What are the differences between the Coverdell ESA and a 529 plan? I'm trying to figure out what's going to be the best choice for my family.
Linda, the most notable difference between a Coverdell ESA and a 529 plan is the contribution limit.
Coverdells have a cap of $2,000 per beneficiary per year from all sources (which has been discussed in Congress to be reduced back down to $500, but so far stays at $2,000) of contributions and they have an income phaseout for incomes between $190,000 and $220,000 (joint filers) or $95,000 and $110,000 (single). This means your ability to contribute decreases within that range and phases out completely (meaning you cannot contribute) after you hit the high number in the range. 529 Plans set their own limits, but many have a maximum of over $300,000 per beneficiary without any income restrictions. Coverdells often offer lower account fees and broader investment options; however, with the lower contribution level, if your intended savings amount is higher than the limit, then you will have to find an alternative means to save. There is nothing wrong with multiple solutions (as I mention later), but I wanted to be sure to call that out if managing multiple accounts is not appealing.
Another difference is the time restriction of the Coverdell versus the 529. Coverdell funds must be used before a beneficiary reaches age 30, and contributions halt at age 18. Of course, you can transfer the account to a different beneficiary within the family if you do not expect the funds to be used by the first beneficiary. 529 Plans do not carry these restrictions unless the specific plan states a limit.
Keep in mind that you do not have to take advantage of any of the college savings vehicles to pay for college -- or use them exclusively. Many people choose to invest in a regular brokerage account, paying capital gains on the sale of assets when it is time to pay for college. This route opens up the potential use of the funds (rather than limiting it to education and the rules of the education accounts) and gives ultimate flexibility in investment choices. What I find for my clients is often a mix of education savings vehicles (either Coverdell or 529Plans depending on the contribution amount they expect to make) and regular investment accounts are the right solution.
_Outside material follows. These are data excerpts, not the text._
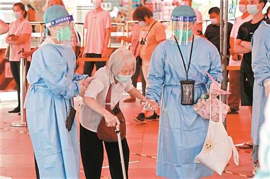 ■根据相关规定,黄码人员须完成“3天2检”,需要看病的可通过各大医院的网络医院进行。图为医护人员为黄码人员进行核酸检测后,搀扶行动不便的老人行走。 新快报记者 毕志毅/摄 |
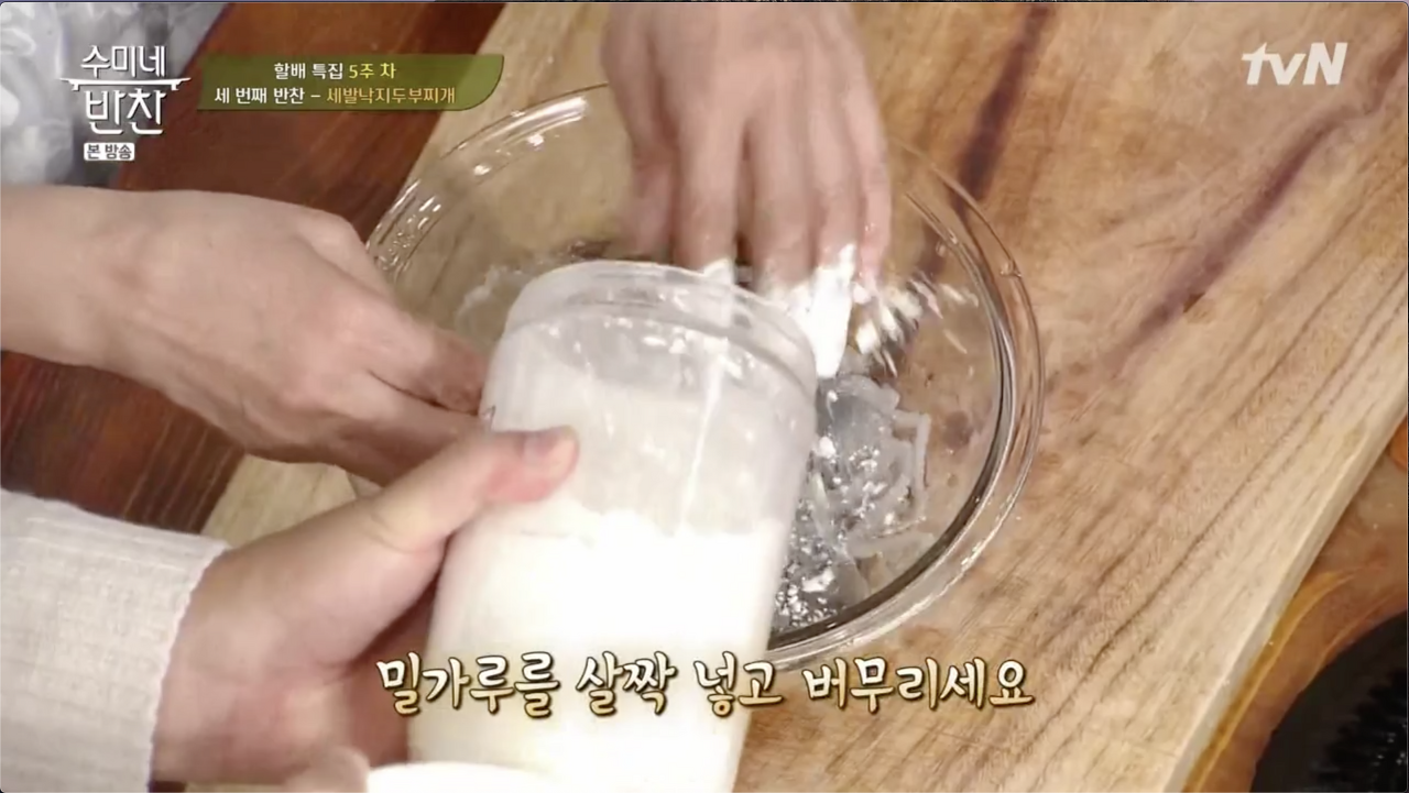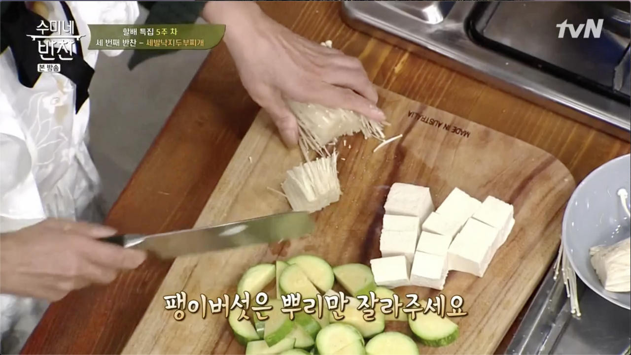 7. 팽이버섯은 뿌리만 잘라주는데 아직 육수가 우러나지는 않았지만 시간이 걸리기 때문에 지금 바로 고춧가루를 넣으라고 하시네요. 고춧가루 3작은 술, 다진 마늘 1큰술을 넣어주세요.
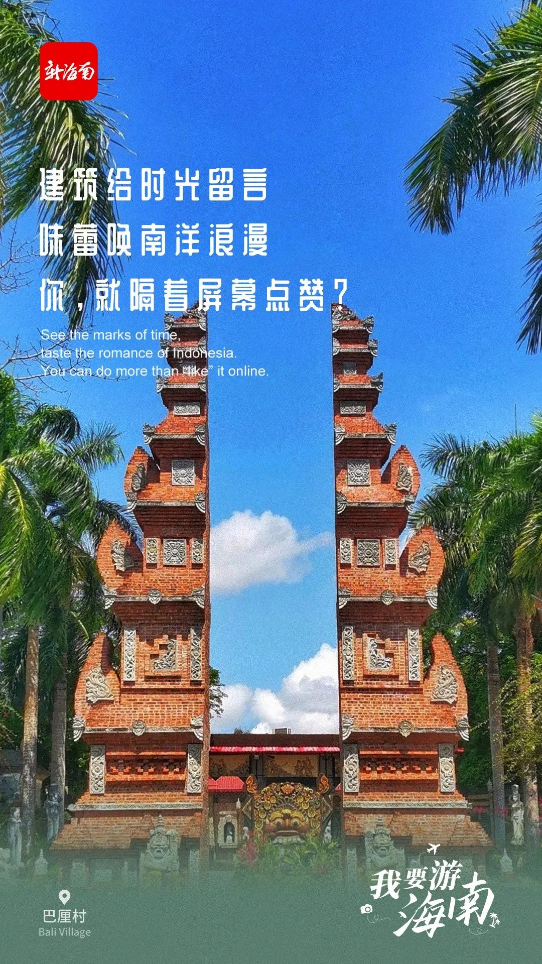 海南日報海口5月19日訊 (海報集團全媒體中心記者吳春媚)5月19日是中國旅游日。新海南客戶端、南海網、南國都市報、海南國際傳播中心聯合推出創意海報《我要游海南》,盤點海南景色亮麗的寶藏打卡地。這組海報以富有畫面感的“三行情詩”文案、高清精美大圖,充分展現海南旅游的魅力。
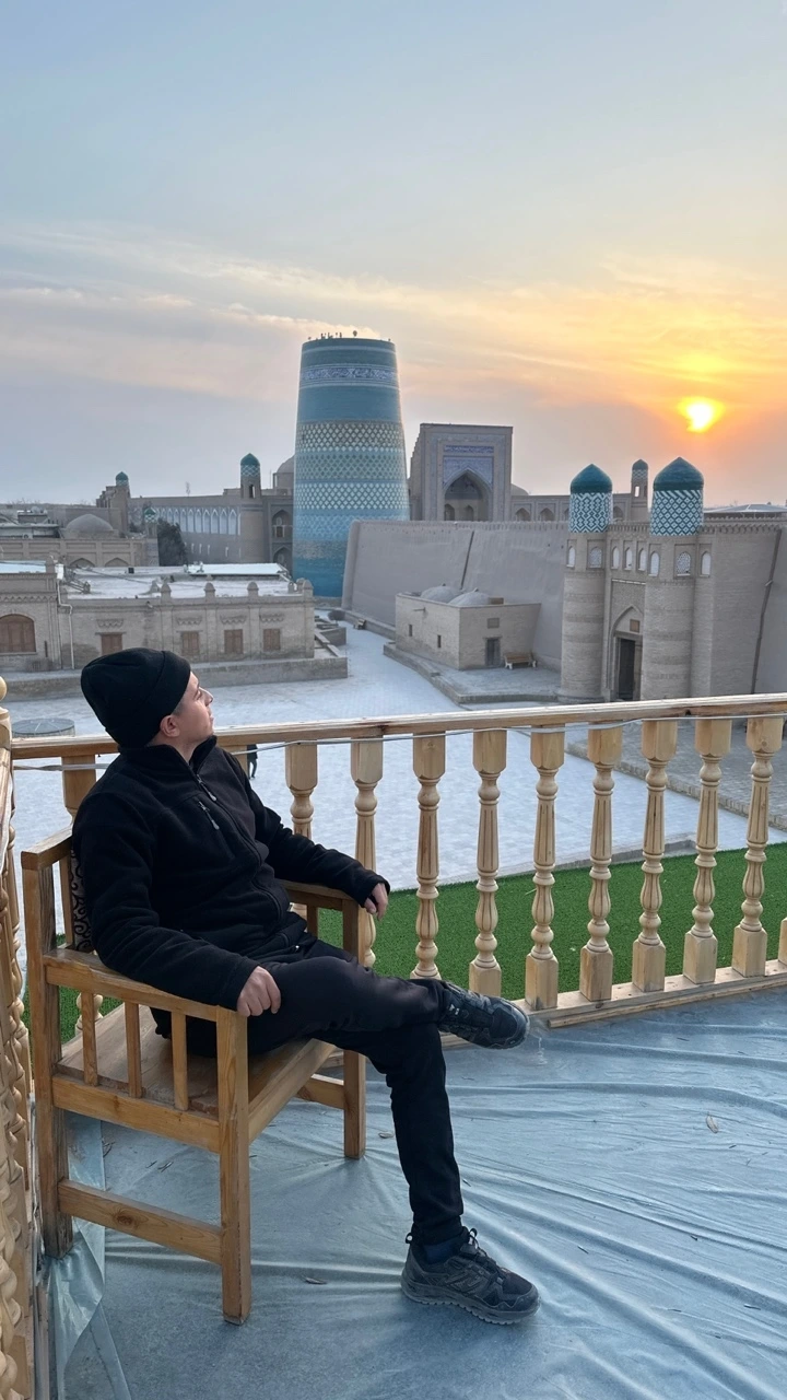 노을이 지는 이찬칼라를 둘이서만 보기 아까워, 몸살 기운이 있어 숙소에서 내내 쉬던 사디크를 어쩔 수 없이 깨워서 데리고 나왔다. 아프지만 않았으면 사디크가 오늘도 노래 한 가락을 불렀을 테지만 아쉽게도 목소리가 잘 나오지 않는다. 우린 어느 카페의 옥상에서 성벽 뒤로 넘어가는 해를 가만히 바라보았다. 곁에 있는 누군가에겐 애정을 더하고 멀리 있는 누군가에겐 그리움을 더하는 그런 풍경이었다. 척박한 사막의 한가운데에 핀 꽃같은 도시 히바에서의 하루도 그렇게 저물어갔다.
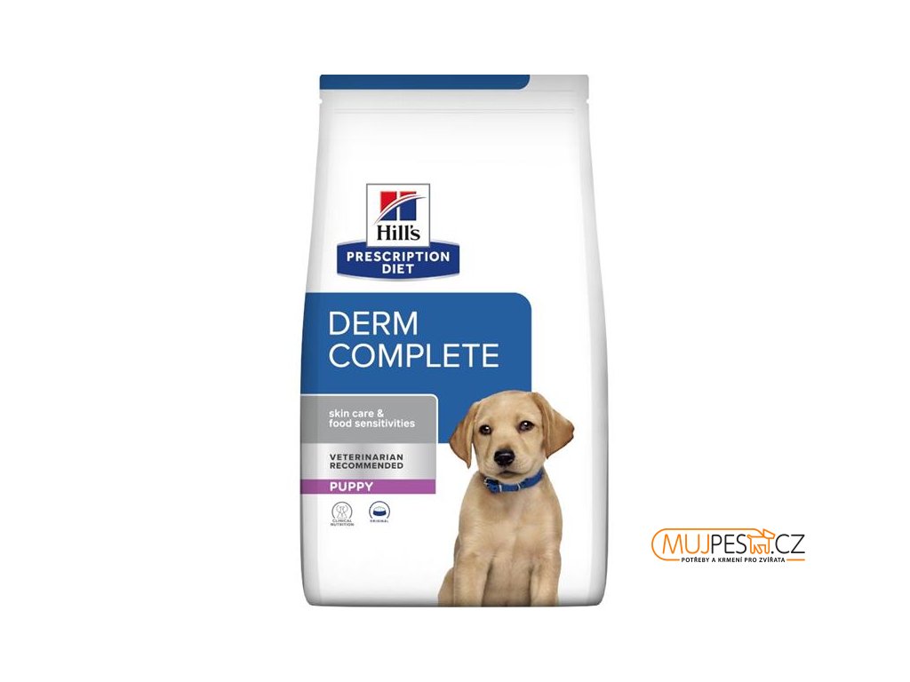 Hill´s Prescription Diet Derm Complete je kompletní dietetické suché krmivo pro štěňata na podporu funkce kůže v případech dermatózy a nadměrné ztráty srsti a také pro snížení přecitlivělosti na přísady a živiny. Krmivo má vysoký obsah kyseliny linolové, kyseliny eikosapentaenové (EPA) a dokosahexaenové (DHA) a také omezené množství vybraných zdrojů bílkovin a sacharidů.

One final note: Make sure you are saving for your retirement to the degree that you need to to reach your savings goal. Often times, I see parents putting aside for their children's education without contributing or minimally contributing to their retirement accounts. While you may feel you'd rather give to your child, too often I see children who end up feeling the financial strain later when they have to support their parents in retirement right when they are embarking on their own future.